On Wed, Oct 3, 2012 at 3:05 PM, Josh Lawrence <josh.k.lawrence@gmail.com> wrote:
> Also, the for loops should be i=m+1 and i=y+1 for the left and right
> tails, respectively. Again, I do'nt think this tangibly changes
> things, but the algorithm shows that you set i=m (or i=y), and the
> first step of the loop in both cases is i=i+1. Here's a link to the
> paper if you have access to ACM.
> http://dl.acm.org/citation.cfm?id=42381 .
>
> So I think it's just the two changes.

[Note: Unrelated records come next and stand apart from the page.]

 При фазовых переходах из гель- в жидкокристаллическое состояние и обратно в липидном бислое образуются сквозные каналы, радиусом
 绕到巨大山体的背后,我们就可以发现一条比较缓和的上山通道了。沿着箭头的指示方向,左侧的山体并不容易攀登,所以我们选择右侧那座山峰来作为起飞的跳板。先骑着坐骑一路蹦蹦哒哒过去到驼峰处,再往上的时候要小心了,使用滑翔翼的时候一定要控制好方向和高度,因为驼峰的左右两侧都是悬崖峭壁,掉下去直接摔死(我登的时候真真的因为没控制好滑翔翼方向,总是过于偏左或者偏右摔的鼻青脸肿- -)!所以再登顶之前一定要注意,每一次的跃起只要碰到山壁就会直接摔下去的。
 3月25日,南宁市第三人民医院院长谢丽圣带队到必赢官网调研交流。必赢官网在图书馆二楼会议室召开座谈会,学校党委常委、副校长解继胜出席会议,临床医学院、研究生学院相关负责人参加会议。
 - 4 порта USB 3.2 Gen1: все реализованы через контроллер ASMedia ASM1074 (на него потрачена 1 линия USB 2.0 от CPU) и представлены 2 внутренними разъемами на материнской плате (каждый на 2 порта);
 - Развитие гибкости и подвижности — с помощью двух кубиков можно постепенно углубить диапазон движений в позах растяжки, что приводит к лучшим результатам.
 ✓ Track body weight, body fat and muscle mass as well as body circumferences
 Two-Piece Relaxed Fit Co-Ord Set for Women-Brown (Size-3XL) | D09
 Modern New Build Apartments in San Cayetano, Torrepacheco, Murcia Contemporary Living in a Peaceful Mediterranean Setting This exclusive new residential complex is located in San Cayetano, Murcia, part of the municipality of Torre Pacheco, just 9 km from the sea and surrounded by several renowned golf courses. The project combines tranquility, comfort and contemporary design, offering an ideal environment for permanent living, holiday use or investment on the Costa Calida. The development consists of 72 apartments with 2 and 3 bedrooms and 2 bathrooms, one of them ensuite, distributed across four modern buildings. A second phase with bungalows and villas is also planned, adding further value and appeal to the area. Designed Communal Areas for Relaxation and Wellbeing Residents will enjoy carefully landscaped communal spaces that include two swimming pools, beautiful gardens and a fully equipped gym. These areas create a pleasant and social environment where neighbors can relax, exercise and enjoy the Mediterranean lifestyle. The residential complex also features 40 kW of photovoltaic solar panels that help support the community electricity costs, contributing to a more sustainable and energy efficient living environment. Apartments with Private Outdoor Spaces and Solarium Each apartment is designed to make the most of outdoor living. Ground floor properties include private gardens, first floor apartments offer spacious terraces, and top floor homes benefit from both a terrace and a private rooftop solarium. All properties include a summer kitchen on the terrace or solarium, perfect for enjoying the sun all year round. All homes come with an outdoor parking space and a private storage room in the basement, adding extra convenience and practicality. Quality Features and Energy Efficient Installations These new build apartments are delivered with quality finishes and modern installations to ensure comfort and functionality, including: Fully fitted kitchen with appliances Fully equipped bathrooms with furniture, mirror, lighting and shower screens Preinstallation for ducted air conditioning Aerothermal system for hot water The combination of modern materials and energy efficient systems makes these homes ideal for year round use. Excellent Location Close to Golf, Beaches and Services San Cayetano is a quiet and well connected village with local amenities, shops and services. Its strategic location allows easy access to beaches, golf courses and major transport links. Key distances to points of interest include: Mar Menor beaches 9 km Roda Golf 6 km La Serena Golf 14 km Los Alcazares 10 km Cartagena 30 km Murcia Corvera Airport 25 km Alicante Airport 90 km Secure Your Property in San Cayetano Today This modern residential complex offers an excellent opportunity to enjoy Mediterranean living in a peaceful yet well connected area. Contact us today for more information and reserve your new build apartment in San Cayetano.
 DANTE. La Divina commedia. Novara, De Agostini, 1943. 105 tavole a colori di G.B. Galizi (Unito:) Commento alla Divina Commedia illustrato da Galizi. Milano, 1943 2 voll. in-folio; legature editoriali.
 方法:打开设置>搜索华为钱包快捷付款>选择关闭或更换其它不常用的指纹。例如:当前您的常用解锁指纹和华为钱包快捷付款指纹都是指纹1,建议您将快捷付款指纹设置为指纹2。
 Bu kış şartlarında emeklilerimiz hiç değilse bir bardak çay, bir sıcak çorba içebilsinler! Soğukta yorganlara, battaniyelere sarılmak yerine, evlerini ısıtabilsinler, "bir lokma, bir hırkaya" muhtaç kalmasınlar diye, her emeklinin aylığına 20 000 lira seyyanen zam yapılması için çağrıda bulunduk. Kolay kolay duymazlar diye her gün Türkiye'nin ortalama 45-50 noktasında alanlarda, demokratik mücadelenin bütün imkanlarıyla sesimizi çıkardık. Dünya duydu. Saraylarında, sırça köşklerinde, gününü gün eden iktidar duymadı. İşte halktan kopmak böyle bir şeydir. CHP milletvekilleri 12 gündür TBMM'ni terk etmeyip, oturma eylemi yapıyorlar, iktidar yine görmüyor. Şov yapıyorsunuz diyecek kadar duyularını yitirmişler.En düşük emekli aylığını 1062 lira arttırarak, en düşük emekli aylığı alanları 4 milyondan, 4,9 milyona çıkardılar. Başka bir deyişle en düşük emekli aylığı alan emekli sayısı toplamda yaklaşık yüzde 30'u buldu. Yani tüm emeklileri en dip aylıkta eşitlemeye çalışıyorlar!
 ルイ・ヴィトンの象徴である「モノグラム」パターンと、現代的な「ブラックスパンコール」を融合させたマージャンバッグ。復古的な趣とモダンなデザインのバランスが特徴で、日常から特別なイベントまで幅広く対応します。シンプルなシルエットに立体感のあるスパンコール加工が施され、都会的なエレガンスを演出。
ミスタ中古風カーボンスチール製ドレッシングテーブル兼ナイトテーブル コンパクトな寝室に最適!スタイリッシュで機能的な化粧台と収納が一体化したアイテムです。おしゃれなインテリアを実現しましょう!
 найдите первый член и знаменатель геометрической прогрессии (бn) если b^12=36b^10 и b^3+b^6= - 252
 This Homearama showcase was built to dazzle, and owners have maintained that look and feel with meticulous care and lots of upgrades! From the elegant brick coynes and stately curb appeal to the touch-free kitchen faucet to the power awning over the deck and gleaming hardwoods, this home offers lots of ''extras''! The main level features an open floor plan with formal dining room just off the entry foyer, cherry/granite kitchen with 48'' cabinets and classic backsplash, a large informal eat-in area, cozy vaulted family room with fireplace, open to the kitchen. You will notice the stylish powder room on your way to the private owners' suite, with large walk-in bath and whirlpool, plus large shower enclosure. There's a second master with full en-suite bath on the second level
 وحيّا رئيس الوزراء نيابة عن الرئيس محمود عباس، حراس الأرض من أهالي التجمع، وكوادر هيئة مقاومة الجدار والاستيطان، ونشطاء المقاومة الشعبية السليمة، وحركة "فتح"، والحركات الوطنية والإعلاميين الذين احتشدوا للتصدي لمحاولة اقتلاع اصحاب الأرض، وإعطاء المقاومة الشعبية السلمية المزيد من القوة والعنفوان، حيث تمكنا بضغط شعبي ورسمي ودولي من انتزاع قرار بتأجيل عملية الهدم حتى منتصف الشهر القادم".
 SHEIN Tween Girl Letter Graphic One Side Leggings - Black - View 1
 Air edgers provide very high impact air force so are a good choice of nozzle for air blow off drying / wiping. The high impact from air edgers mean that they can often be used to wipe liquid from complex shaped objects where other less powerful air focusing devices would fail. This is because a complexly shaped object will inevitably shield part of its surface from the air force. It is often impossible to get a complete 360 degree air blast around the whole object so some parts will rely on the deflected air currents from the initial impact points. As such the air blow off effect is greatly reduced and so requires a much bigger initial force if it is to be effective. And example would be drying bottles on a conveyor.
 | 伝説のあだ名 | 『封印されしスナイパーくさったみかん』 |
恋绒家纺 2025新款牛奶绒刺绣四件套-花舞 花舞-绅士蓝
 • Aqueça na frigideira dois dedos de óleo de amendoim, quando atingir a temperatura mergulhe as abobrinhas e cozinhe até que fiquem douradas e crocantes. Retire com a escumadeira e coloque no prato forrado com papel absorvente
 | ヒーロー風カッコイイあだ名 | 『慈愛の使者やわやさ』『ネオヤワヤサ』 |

I have implemented those and get
> very similar results from doing a histogram.
>
> On Wed, Oct 3, 2012 at 2:59 PM, <josef.pktd@gmail.com> wrote:
>> On Wed, Oct 3, 2012 at 3:07 PM, <josef.pktd@gmail.com> wrote:
>>> On Wed, Oct 3, 2012 at 2:42 PM, Josh Lawrence <josh.k.lawrence@gmail.com> wrote:
>>>> Hey all,
>>>> I received access to the paper and it seems it was originally based
>>>> purely on the paper written by Kachitvichyanukul in 1988. I still
>>>> think there's a whoopsies with the if ... else if ... else, block
>>>> though.
>>>
>>> the c code "else" looks strange to me,
>>> however, checking a few cases with large p*n for a large sample (1
>>> million draws), I don't see any difference of the frequency count to
>>> the theoretical distribution from scipy.binom.
>>
>> I'm pretty sure you are right.
>> (If my reading as non c programmer is correct)
>> The else block means that Step 50 is never used, instead it uses Step
>> 52, which uses a different approximation that is intended for the
>> tails.
>> If Step 52 is relatively close to the result of Step 50, then it will
>> not be very visible in the final results.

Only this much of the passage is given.